This paper covers the technical aspects of an electromechanical battery. A permanent magnet motor-generator is incorporated in a composite flywheel, running at high speed in a vacuum containment to minimize air friction losses. The flywheel is to be suspended on cascaded, Teflon coated, high-speed roller bearings. A composite flywheel requires a simple containment to sustain the vacuum for the moving parts, since most of the energy is dissipated in the fracture process in case of catastrophic failure. A 3-phase, switch mode bridge converter, driven by a bipolar pulse width modulation board, achieves the variable speed control for the flywheel and the control of the DC bus voltage. The target storage capacity is 250 W-h with a power rating of 40 W.
An outside rotor design is used to maximize the inertia and hence energy storage capability. The rotation is around the vertical axis to minimize the required containment. It is envisaged that the flywheel will be buried underground, to further minimize containment requirements.
Because of the high speed, a 2-pole design is desirable. However to minimize iron losses, an iron-less stator is used. This requires either extremely thick magnets on the rotor to provide the necessary flux density, or a method for providing the flux density with multiple magnets. A Halbach array allows multiple magnets to be used in a 2-pole configuration. This reduces the machine costs because of the use of multiple small magnets.
Two passive magnetic bearings are used to suspend the shaft. The advantage of this is that an external power supply with associated control circuitry is not required. This reduces the complexity and the costs. The entire assembly is suspended on a teflon ball on a steel plate. This provides a low coefficient of friction bearing, with measurements verifying the design calculations.

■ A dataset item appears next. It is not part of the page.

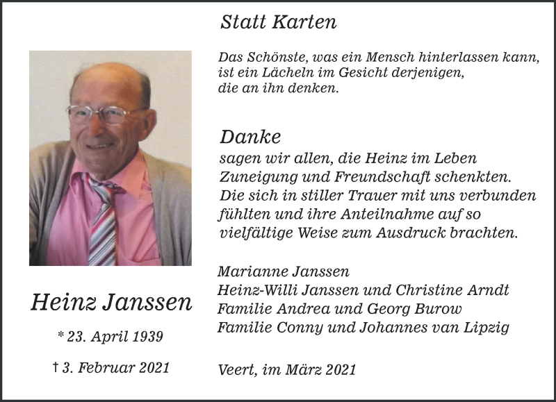Hier finden Sie alle Traueranzeigen aus der Zeitung, die bisher für Heinz Janssen erschienen sind. Weitere Traueranzeigen, die in der Zeitung erscheinen, werden hier ebenfalls aufgelistet

The overall system consists of a bidirectional dc-dc converter, which converts the solar panel dc bus power to a suitable level for the inverter to drive the PM machine. As the panel output reduces, the dc-dc converter allows the PM machine to generate power back into the solar panel dc bus, using the freewheeling diodes of the inverter as an uncontrolled rectifier. A simple micro-controller is used to control the entire system.